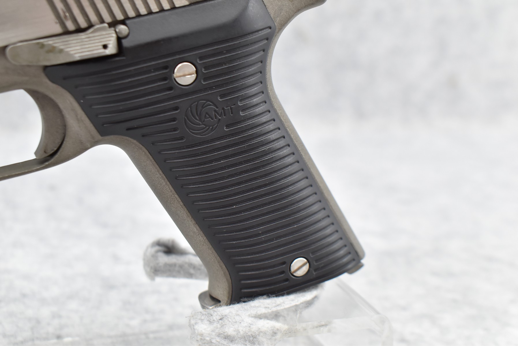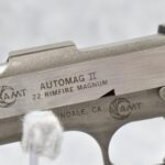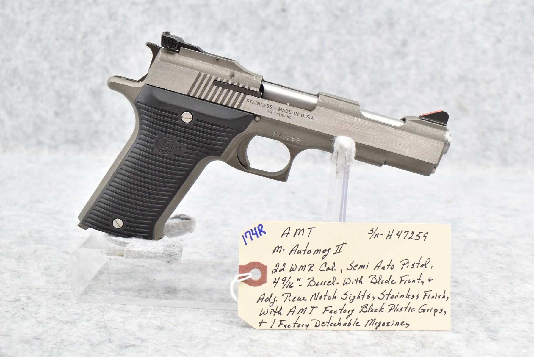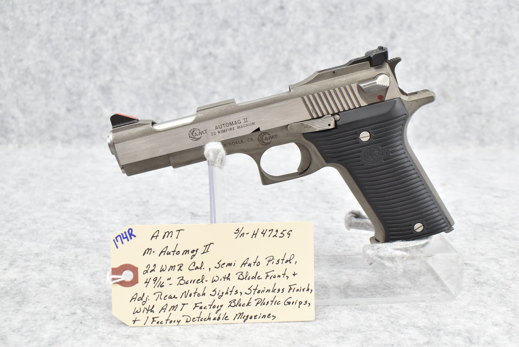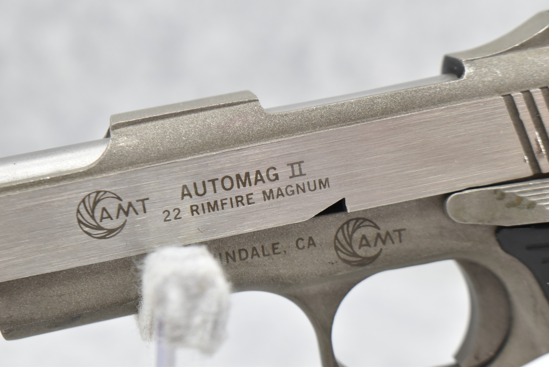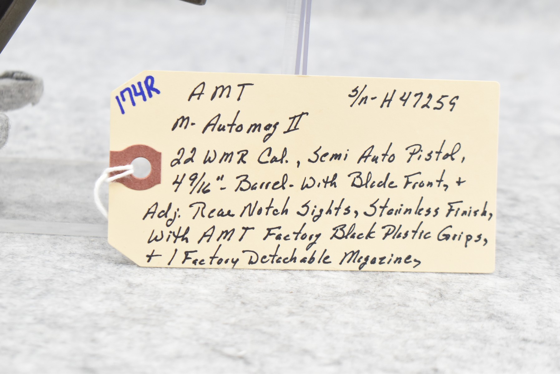 174R. AMT – Mod. Automag II – 22 WMR Cal. Semi-Auto Pistol – w/4 9/16” Barrel w/Blade Front and Adjustable Rear Notch Sights – Stainless Finish – w/AMT Factory Black Plastic Grips – w/1 Factory Detachable Magazine
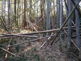 | Cの下辺りの横堀。堀の外側にも土塁を置き、比高二重土塁にしているのが特徴的である。深さ5mほど。 | 北側の横堀。北側に延びた部分との間を掘り切っている。やはり深さ5mほどで、堀の外側にも土塁を配置している。 |
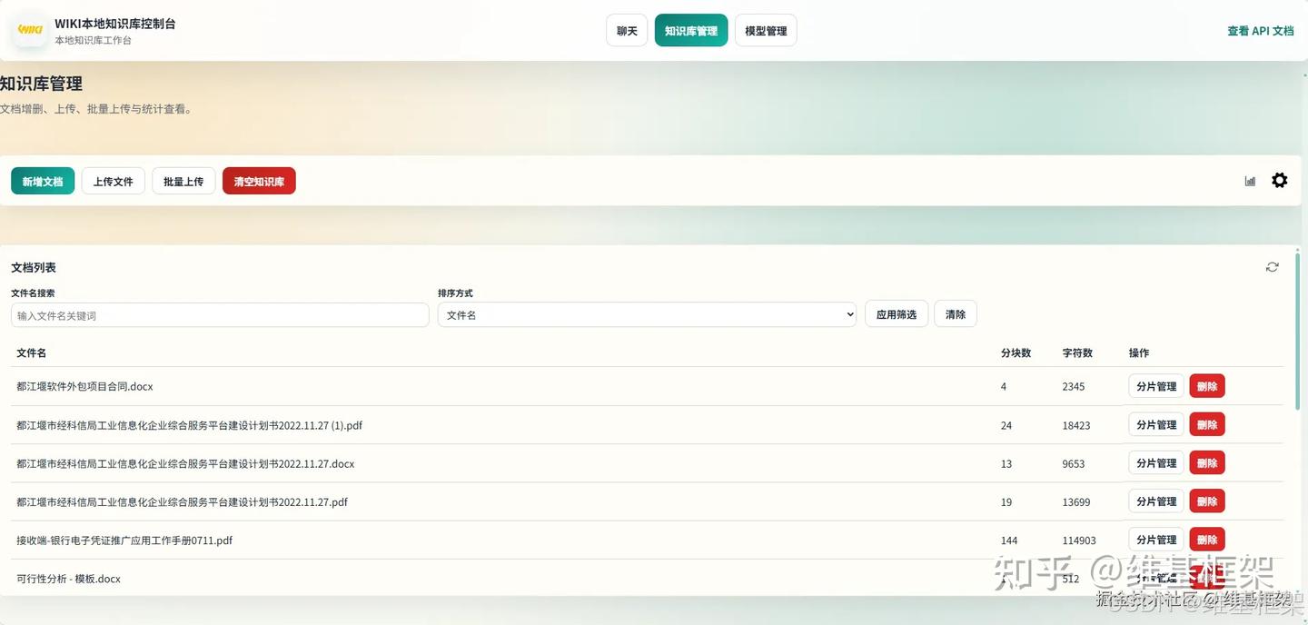 WIKI 知识库是一个架构清晰、模块解耦、私有化友好的 RAG 系统。其核心设计思路是:
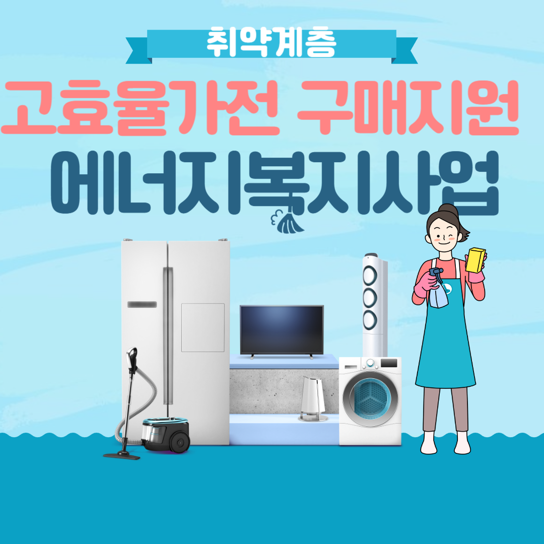 취약계층 고효율가전 구매지원은 사회적으로 배려 계층을 대상으로 고효율 가전제품의 구입비용을 가구당 한도 30만 원의 일정 비율로 지원하는 제도입니다. 취약계층 에너지복지사업은 저소득층, 장애인 등 전기요금 복지할인 가구를 대상으로 지원합니다. 2024년 3월 25일부터 시행되어 2024년 1월 1일부터 2024년 12월 31일 내 구매한 제품을 2024년 3월 25일부터 신청 가능하고 2024년 12월 31일까지 신청해야 합니다. 구매 시 온라인 및 오프라인에서 가능하고 반드시 에너지소비효율등급 라벨이 있어야 지원 가능합니다.
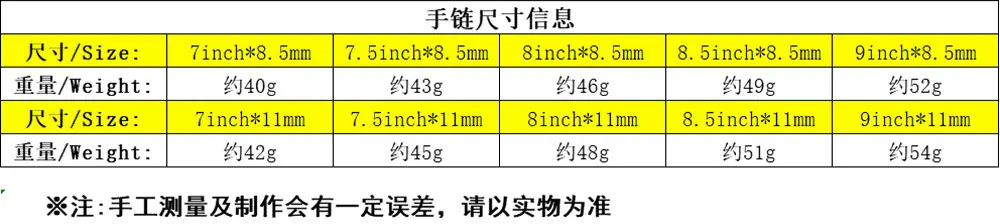 Bracelet 7 inches (length 17.78cm), Bracelet 8 inches (length 20.32cm), Bracelet 9 inches (length 22.86cm)

━━━━

__Exercise description__
Your copy should match the data above exactly, apart from the pictures.

__Answer for this exercise__
 174R. AMT – Mod. Automag II – 22 WMR Cal. Semi-Auto Pistol – w/4 9/16” Barrel w/Blade Front and Adjustable Rear Notch Sights – Stainless Finish – w/AMT Factory Black Plastic Grips – w/1 Factory Detachable Magazine
 | Cの下辺りの横堀。堀の外側にも土塁を置き、比高二重土塁にしているのが特徴的である。深さ5mほど。 | 北側の横堀。北側に延びた部分との間を掘り切っている。やはり深さ5mほどで、堀の外側にも土塁を配置している。 |
 WIKI 知识库是一个架构清晰、模块解耦、私有化友好的 RAG 系统。其核心设计思路是:
 취약계층 고효율가전 구매지원은 사회적으로 배려 계층을 대상으로 고효율 가전제품의 구입비용을 가구당 한도 30만 원의 일정 비율로 지원하는 제도입니다. 취약계층 에너지복지사업은 저소득층, 장애인 등 전기요금 복지할인 가구를 대상으로 지원합니다. 2024년 3월 25일부터 시행되어 2024년 1월 1일부터 2024년 12월 31일 내 구매한 제품을 2024년 3월 25일부터 신청 가능하고 2024년 12월 31일까지 신청해야 합니다. 구매 시 온라인 및 오프라인에서 가능하고 반드시 에너지소비효율등급 라벨이 있어야 지원 가능합니다.
 Bracelet 7 inches (length 17.78cm), Bracelet 8 inches (length 20.32cm), Bracelet 9 inches (length 22.86cm)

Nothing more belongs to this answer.